=== Problem description ===
From first line to last, copy the material below exactly.

=== The data ===

■ ■ ■ ■ ■ ■ ■

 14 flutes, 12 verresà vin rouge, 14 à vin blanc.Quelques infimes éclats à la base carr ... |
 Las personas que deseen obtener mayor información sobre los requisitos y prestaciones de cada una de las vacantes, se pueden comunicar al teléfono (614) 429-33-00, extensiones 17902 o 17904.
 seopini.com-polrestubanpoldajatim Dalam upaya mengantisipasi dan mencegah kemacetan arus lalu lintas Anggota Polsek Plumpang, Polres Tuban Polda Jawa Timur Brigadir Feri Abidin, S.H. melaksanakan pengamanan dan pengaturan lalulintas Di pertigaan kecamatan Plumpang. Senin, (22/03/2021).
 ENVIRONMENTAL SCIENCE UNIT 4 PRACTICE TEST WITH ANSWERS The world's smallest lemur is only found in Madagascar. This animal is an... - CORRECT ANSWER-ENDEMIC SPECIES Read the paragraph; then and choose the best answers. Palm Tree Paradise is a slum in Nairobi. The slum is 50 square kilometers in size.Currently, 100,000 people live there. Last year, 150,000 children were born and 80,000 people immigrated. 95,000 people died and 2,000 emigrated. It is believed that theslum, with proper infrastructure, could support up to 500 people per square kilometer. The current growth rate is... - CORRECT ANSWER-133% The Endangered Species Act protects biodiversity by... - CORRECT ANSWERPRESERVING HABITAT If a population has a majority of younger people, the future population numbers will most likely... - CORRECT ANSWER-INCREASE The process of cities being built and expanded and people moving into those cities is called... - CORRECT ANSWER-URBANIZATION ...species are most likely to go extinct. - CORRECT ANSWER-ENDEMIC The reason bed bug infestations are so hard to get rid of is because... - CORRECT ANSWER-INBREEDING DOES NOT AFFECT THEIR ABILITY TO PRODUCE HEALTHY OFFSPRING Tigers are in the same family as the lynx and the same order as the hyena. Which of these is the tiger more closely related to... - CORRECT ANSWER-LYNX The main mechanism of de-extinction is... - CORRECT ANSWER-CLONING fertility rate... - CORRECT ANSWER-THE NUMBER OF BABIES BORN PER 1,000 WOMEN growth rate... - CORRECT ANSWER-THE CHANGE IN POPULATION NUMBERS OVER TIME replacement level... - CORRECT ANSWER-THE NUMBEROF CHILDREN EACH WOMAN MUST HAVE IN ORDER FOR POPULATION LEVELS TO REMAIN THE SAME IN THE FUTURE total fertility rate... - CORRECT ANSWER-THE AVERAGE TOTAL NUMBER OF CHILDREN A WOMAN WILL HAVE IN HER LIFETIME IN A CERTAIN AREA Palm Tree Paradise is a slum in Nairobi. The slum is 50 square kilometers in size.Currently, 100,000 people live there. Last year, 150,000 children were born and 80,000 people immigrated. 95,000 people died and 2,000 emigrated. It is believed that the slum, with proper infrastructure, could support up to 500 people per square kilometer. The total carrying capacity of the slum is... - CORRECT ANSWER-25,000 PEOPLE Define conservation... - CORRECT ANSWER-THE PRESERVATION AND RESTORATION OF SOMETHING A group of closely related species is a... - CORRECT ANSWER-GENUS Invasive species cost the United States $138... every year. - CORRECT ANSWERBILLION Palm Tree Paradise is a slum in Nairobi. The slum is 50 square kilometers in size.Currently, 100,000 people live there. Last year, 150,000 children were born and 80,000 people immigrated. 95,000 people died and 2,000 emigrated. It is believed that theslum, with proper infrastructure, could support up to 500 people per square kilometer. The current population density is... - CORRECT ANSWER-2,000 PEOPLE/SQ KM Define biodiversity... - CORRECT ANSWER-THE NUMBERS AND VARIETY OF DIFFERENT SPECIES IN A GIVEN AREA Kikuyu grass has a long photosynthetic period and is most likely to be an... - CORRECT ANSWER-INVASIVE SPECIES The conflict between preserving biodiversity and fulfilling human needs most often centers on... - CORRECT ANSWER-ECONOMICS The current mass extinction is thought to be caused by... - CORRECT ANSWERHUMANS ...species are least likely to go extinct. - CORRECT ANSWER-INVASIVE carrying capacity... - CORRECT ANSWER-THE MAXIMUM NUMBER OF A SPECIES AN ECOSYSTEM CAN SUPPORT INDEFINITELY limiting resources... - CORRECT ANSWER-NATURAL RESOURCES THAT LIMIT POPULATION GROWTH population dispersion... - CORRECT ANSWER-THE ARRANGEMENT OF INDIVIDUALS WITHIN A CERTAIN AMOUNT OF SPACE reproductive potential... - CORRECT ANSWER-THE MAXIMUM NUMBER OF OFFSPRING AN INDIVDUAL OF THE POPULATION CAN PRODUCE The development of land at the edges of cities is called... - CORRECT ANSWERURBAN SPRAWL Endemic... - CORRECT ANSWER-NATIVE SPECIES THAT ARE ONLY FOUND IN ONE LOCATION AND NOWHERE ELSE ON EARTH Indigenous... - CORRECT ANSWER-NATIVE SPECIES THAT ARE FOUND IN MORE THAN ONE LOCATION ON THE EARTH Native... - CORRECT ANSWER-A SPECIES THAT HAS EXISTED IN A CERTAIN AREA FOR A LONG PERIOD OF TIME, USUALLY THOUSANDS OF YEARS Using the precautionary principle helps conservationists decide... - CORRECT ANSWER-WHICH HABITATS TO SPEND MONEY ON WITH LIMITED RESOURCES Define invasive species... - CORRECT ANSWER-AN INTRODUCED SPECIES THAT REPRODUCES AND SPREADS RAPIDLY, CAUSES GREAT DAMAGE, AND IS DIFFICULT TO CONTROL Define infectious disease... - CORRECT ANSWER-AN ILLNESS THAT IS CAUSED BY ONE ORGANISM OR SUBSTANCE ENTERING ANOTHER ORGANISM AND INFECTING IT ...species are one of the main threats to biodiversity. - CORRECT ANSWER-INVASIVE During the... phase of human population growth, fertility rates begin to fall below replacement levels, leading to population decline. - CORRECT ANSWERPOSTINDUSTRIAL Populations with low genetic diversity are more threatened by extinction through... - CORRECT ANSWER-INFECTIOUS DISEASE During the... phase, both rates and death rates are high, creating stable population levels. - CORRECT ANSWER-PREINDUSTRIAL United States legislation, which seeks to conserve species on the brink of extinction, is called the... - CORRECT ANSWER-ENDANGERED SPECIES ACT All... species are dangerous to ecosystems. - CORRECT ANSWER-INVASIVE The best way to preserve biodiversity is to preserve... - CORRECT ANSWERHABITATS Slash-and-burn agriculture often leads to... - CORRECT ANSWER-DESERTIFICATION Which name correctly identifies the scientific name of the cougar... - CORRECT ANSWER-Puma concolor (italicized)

■ ■ ■ ■ ■ ■ ■

=== Task result ===
 14 flutes, 12 verresà vin rouge, 14 à vin blanc.Quelques infimes éclats à la base carr ... |
 Las personas que deseen obtener mayor información sobre los requisitos y prestaciones de cada una de las vacantes, se pueden comunicar al teléfono (614) 429-33-00, extensiones 17902 o 17904.
 seopini.com-polrestubanpoldajatim Dalam upaya mengantisipasi dan mencegah kemacetan arus lalu lintas Anggota Polsek Plumpang, Polres Tuban Polda Jawa Timur Brigadir Feri Abidin, S.H. melaksanakan pengamanan dan pengaturan lalulintas Di pertigaan kecamatan Plumpang. Senin, (22/03/2021).
 ENVIRONMENTAL SCIENCE UNIT 4 PRACTICE TEST WITH ANSWERS The world's smallest lemur is only found in Madagascar. This animal is an... - CORRECT ANSWER-ENDEMIC SPECIES Read the paragraph; then and choose the best answers. Palm Tree Paradise is a slum in Nairobi. The slum is 50 square kilometers in size.Currently, 100,000 people live there. Last year, 150,000 children were born and 80,000 people immigrated. 95,000 people died and 2,000 emigrated. It is believed that theslum, with proper infrastructure, could support up to 500 people per square kilometer. The current growth rate is... - CORRECT ANSWER-133% The Endangered Species Act protects biodiversity by... - CORRECT ANSWERPRESERVING HABITAT If a population has a majority of younger people, the future population numbers will most likely... - CORRECT ANSWER-INCREASE The process of cities being built and expanded and people moving into those cities is called... - CORRECT ANSWER-URBANIZATION ...species are most likely to go extinct. - CORRECT ANSWER-ENDEMIC The reason bed bug infestations are so hard to get rid of is because... - CORRECT ANSWER-INBREEDING DOES NOT AFFECT THEIR ABILITY TO PRODUCE HEALTHY OFFSPRING Tigers are in the same family as the lynx and the same order as the hyena. Which of these is the tiger more closely related to... - CORRECT ANSWER-LYNX The main mechanism of de-extinction is... - CORRECT ANSWER-CLONING fertility rate... - CORRECT ANSWER-THE NUMBER OF BABIES BORN PER 1,000 WOMEN growth rate... - CORRECT ANSWER-THE CHANGE IN POPULATION NUMBERS OVER TIME replacement level... - CORRECT ANSWER-THE NUMBEROF CHILDREN EACH WOMAN MUST HAVE IN ORDER FOR POPULATION LEVELS TO REMAIN THE SAME IN THE FUTURE total fertility rate... - CORRECT ANSWER-THE AVERAGE TOTAL NUMBER OF CHILDREN A WOMAN WILL HAVE IN HER LIFETIME IN A CERTAIN AREA Palm Tree Paradise is a slum in Nairobi. The slum is 50 square kilometers in size.Currently, 100,000 people live there. Last year, 150,000 children were born and 80,000 people immigrated. 95,000 people died and 2,000 emigrated. It is believed that the slum, with proper infrastructure, could support up to 500 people per square kilometer. The total carrying capacity of the slum is... - CORRECT ANSWER-25,000 PEOPLE Define conservation... - CORRECT ANSWER-THE PRESERVATION AND RESTORATION OF SOMETHING A group of closely related species is a... - CORRECT ANSWER-GENUS Invasive species cost the United States $138... every year. - CORRECT ANSWERBILLION Palm Tree Paradise is a slum in Nairobi. The slum is 50 square kilometers in size.Currently, 100,000 people live there. Last year, 150,000 children were born and 80,000 people immigrated. 95,000 people died and 2,000 emigrated. It is believed that theslum, with proper infrastructure, could support up to 500 people per square kilometer. The current population density is... - CORRECT ANSWER-2,000 PEOPLE/SQ KM Define biodiversity... - CORRECT ANSWER-THE NUMBERS AND VARIETY OF DIFFERENT SPECIES IN A GIVEN AREA Kikuyu grass has a long photosynthetic period and is most likely to be an... - CORRECT ANSWER-INVASIVE SPECIES The conflict between preserving biodiversity and fulfilling human needs most often centers on... - CORRECT ANSWER-ECONOMICS The current mass extinction is thought to be caused by... - CORRECT ANSWERHUMANS ...species are least likely to go extinct. - CORRECT ANSWER-INVASIVE carrying capacity... - CORRECT ANSWER-THE MAXIMUM NUMBER OF A SPECIES AN ECOSYSTEM CAN SUPPORT INDEFINITELY limiting resources... - CORRECT ANSWER-NATURAL RESOURCES THAT LIMIT POPULATION GROWTH population dispersion... - CORRECT ANSWER-THE ARRANGEMENT OF INDIVIDUALS WITHIN A CERTAIN AMOUNT OF SPACE reproductive potential... - CORRECT ANSWER-THE MAXIMUM NUMBER OF OFFSPRING AN INDIVDUAL OF THE POPULATION CAN PRODUCE The development of land at the edges of cities is called... - CORRECT ANSWERURBAN SPRAWL Endemic... - CORRECT ANSWER-NATIVE SPECIES THAT ARE ONLY FOUND IN ONE LOCATION AND NOWHERE ELSE ON EARTH Indigenous... - CORRECT ANSWER-NATIVE SPECIES THAT ARE FOUND IN MORE THAN ONE LOCATION ON THE EARTH Native... - CORRECT ANSWER-A SPECIES THAT HAS EXISTED IN A CERTAIN AREA FOR A LONG PERIOD OF TIME, USUALLY THOUSANDS OF YEARS Using the precautionary principle helps conservationists decide... - CORRECT ANSWER-WHICH HABITATS TO SPEND MONEY ON WITH LIMITED RESOURCES Define invasive species... - CORRECT ANSWER-AN INTRODUCED SPECIES THAT REPRODUCES AND SPREADS RAPIDLY, CAUSES GREAT DAMAGE, AND IS DIFFICULT TO CONTROL Define infectious disease... - CORRECT ANSWER-AN ILLNESS THAT IS CAUSED BY ONE ORGANISM OR SUBSTANCE ENTERING ANOTHER ORGANISM AND INFECTING IT ...species are one of the main threats to biodiversity. - CORRECT ANSWER-INVASIVE During the... phase of human population growth, fertility rates begin to fall below replacement levels, leading to population decline. - CORRECT ANSWERPOSTINDUSTRIAL Populations with low genetic diversity are more threatened by extinction through... - CORRECT ANSWER-INFECTIOUS DISEASE During the... phase, both rates and death rates are high, creating stable population levels. - CORRECT ANSWER-PREINDUSTRIAL United States legislation, which seeks to conserve species on the brink of extinction, is called the... - CORRECT ANSWER-ENDANGERED SPECIES ACT All... species are dangerous to ecosystems. - CORRECT ANSWER-INVASIVE The best way to preserve biodiversity is to preserve... - CORRECT ANSWERHABITATS Slash-and-burn agriculture often leads to... - CORRECT ANSWER-DESERTIFICATION Which name correctly identifies the scientific name of the cougar... - CORRECT ANSWER-Puma concolor (italicized)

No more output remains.